Собравшиеся начали обсуждать, не подвергнет ли пожар опасности валорианские войска. Если нет, то победа будет значительной, утверждал глава Сената. Равнины лежали к северу от дельты, из которой правила восточная королева. Если Валория завоюет равнины, то дикари окажутся в ловушке на юго-восточной оконечности континента.
– И тогда это лишь вопрос времени, – заключил император, – когда Валория станет править на всем континенте.
– Тогда сожгите равнины, – сказала сенатор, служившая в армии. – Огонь в любом случае пойдет земле на пользу. В конечном итоге.
Кестрел смотрела, как Риша сняла с доски одну из второстепенных фигур Верекса. Риша дрожала в своих мехах. На востоке никогда не было холодно. Неужели это знание до сих пор жило в памяти Риши? Или она получила его так же, как и Кестрел, от кого-то другого? Когда принцессу похитили, она была так же мала, как и Кестрел, когда ее семья переехала из столицы в недавно завоеванный Геран. Возможно, Риша совсем не помнила дом.
Перед мысленным взглядом Кестрел предстал Геран, ее сад и семена под ее детскими пальцами – няня показывала малышке, как посадить их в мягкую землю.
Она увидела равнину, объятую пожаром. Пламя вздымалось вверх и трещало, лошади обезумели, палатки прогорали до самой основы, а затем вваливались внутрь. Родители хватали на руки своих детей. Воздух был удушающе горячим и черным.
– Кестрел? – окликнул ее император. – Что думаете вы? Ваш отец написал, что вы и раньше давали ему дельные советы по поводу востока.
Кестрел моргнула. Небо над Зимним садом было светлым. На деревьях мерцали смертельные ягоды.
– Отравите лошадей.
Император улыбнулся.
– Интересно. Продолжайте.
– Люди равнин полагаются на лошадей, – сказал Кестрел. – От них они получают молоко, шкуры, мясо, на них ездят, их же используют для охоты... Убейте лошадей, и племена не смогут без них жить. Они отступят на юг, чтобы укрыться в дельте. Равнины перейдут к вам. Вы скосите траву и накормите ею своих лошадей, а также сможете засеять эти земли, когда пожелаете.
– А как вы предлагаете отравить лошадей?
– Через водные запасы, – предложила сенатор-воин.
Могли пострадать и люди. Кестрел покачала головой.
– Река широка, и течение в ней быстрое. Свойства яда ослабеют. Пусть лучше мой отец отправит разведчиков выяснить, где лошади пасутся. Полейте ядом пастбища.
Император откинулся на спинку своего кресла. От его шоколада шел пар, окутывая его лицо дымкой. Император качнул подбородком и бросил на Кестрел косой взгляд.

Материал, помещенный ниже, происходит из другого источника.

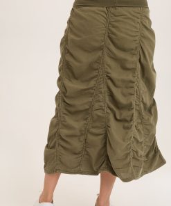 An old trusted style done is our soft Cotton Linen. Asymmetric seams run from the right and then to the left with shirring throughout each gored section. A foldover jersey waistband round out this classic style.
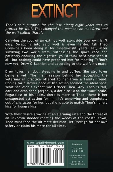 Theo's sole purpose for the last ninety-eight years was to protect his wolf. That changed the moment he met Drew and the wolf called 'Mate'. Carrying the soul of an extinct wolf alongside your own isn't easy. Swapping into said wolf is even harder. Ask Theo Grey-he's been doing it for ninety-eight years. Yet, after surviving two world wars, witnessing the space race and patiently enduring the eighties, you'd think he'd have seen it all, but nothing could have prepared him for meeting Tofino's new vet, Drew O'Bannion and according to the wolf, his mate. Drew loves her dog, sleeping in and coffee. She also loves being a vet. The main reason behind her accepting the veterinarian practice offered to her from a family friend. Hoping for a slower pace at life Tofino seemed the ideal spot. What she didn't expect was Officer Theo Grey. Theo is tall, dark and drop dead gorgeous, a definite 10 on the 'wow' scale. Regardless of his looks, there is more to Theo, there is her unexpected attraction for him. It's unnerving and completely out of character for her, but she is able to match Theo's hungry kiss, for hungry kiss. With their desire growing at an alarming rate and the threat of an unknown shooter roaming the woods of the coastal town, Theo must face the ultimate decision-let Drew go for her own safety or claim his mate for all time.
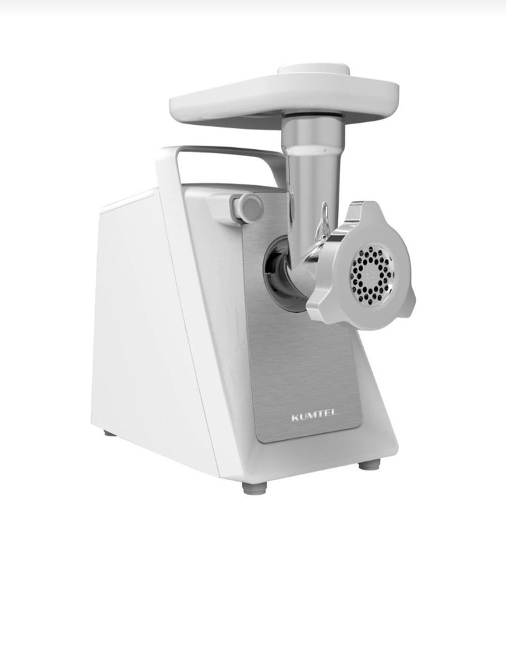 Kumtei markalı beyaz ve gri kıyma makinesi, sağlam yapısıyla mutfağınızda et öğütme işlemi için uygundur.
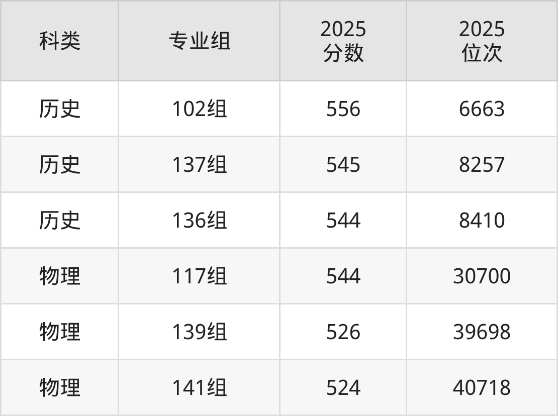 历史+不限:102组556分、位次6663名;136组544分、位次8410名。
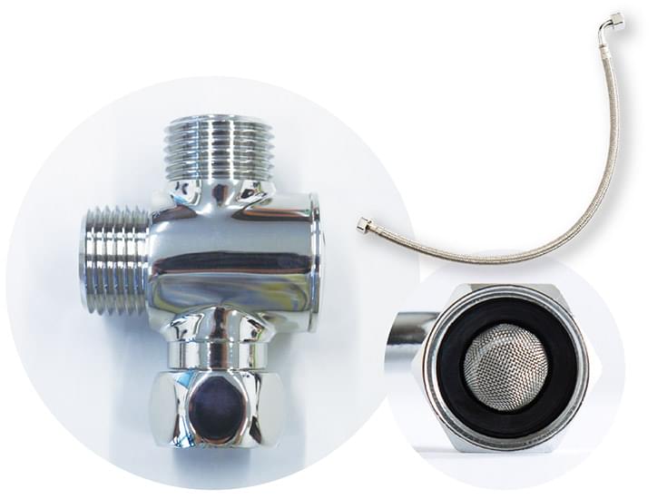 分岐水栓やネジが樹脂製で少し長くて壁に干渉しましたのと、耐久性が不安ですが、取付はおもいのほか楽で、使用感も快適です。
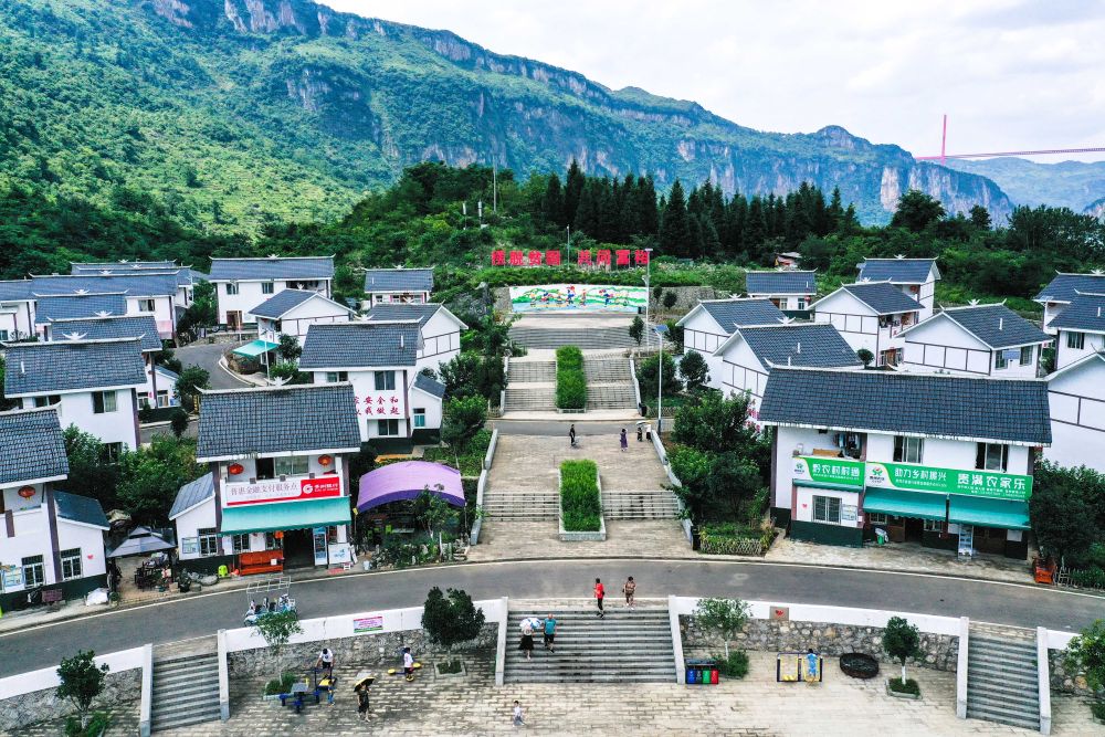 ↑2021年7月24日拍攝的貴州省黔西市新仁苗族鄉(xiāng)化屋村麻窩寨易地扶貧搬遷集中安置點(diǎn)一角(無人機(jī)照片)。
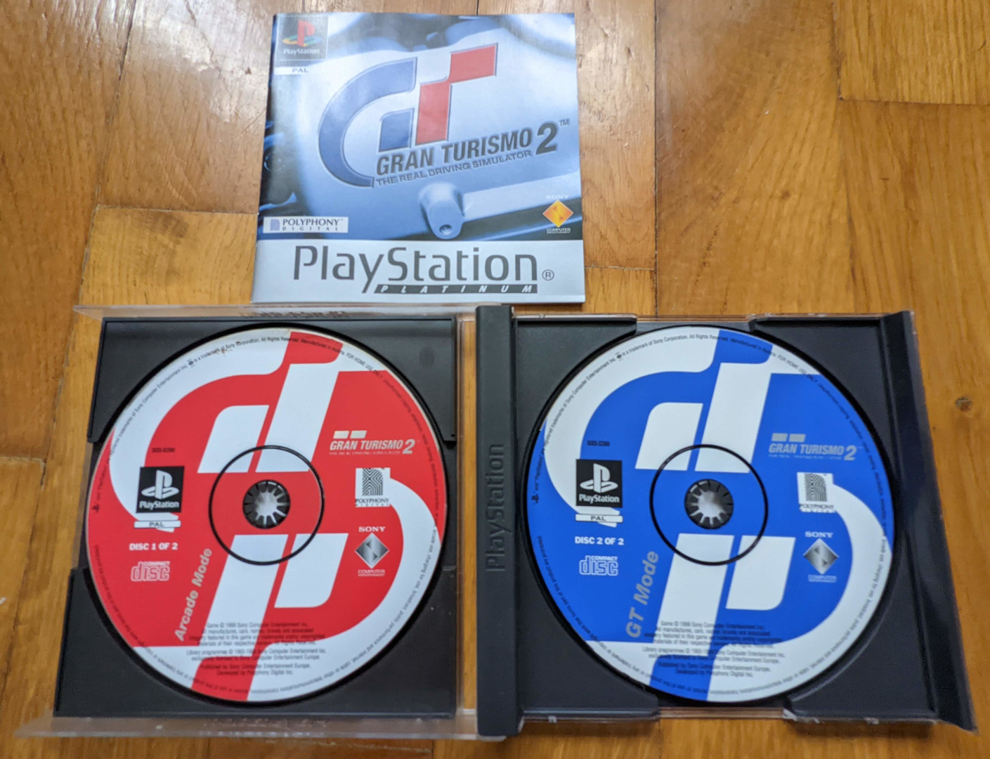 The amount of added content in comparison to the first game was so big that Polyphony could not fit it on a single 660MB CD, and therefore the game has separate discs for Arcade and Simulation/Gran Turismo Modes.
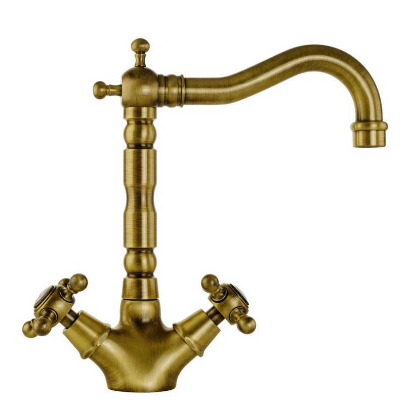Смеситель для раковины, с поворотным изливом, с нажимной пробкой д/к, (цв. бронза), Retro ZZ

– Очень изящно, леди Кестрел. Вы разрешаете все мои трудности, покупая для меня неразоренные равнины по низкой цене – цене яда. Очень хорошо, что в то же время вы сводите к минимуму потери из числа мирных жителей.
Кестрел ничего не ответила.
Император потягивал свой шоколад.
– Вы когда-нибудь видели своего отца в битве? Вам стоило бы. Однажды я бы хотел и вас увидеть сражающейся за черный флаг. Я бы хотел увидеть вас на настоящем поле сражения.
Кестрел не смогла взглянуть императору в глаза. Она отвела взгляд и заметила, что принц и Риша покинули игровой стол и исчезли в лабиринте живой изгороди. Теперь Кестрел поняла, почему Верекс казался таким счастливым. Она гадала, знает ли двор о его связи с принцессой. Скорее всего, знает.
– Ах, да, – протянул император, – с вами, Кестрел, хочет поговорить представитель Герана. Их сторона подала официальное прошение.
Казалось, его слова остались висеть в воздухе дольше, чем это было возможно. У Кестрел появилось странное ощущение, будто император играет на рояле и ударяет по расстроенной клавише, звучание которой завладело вниманием всех слушателей.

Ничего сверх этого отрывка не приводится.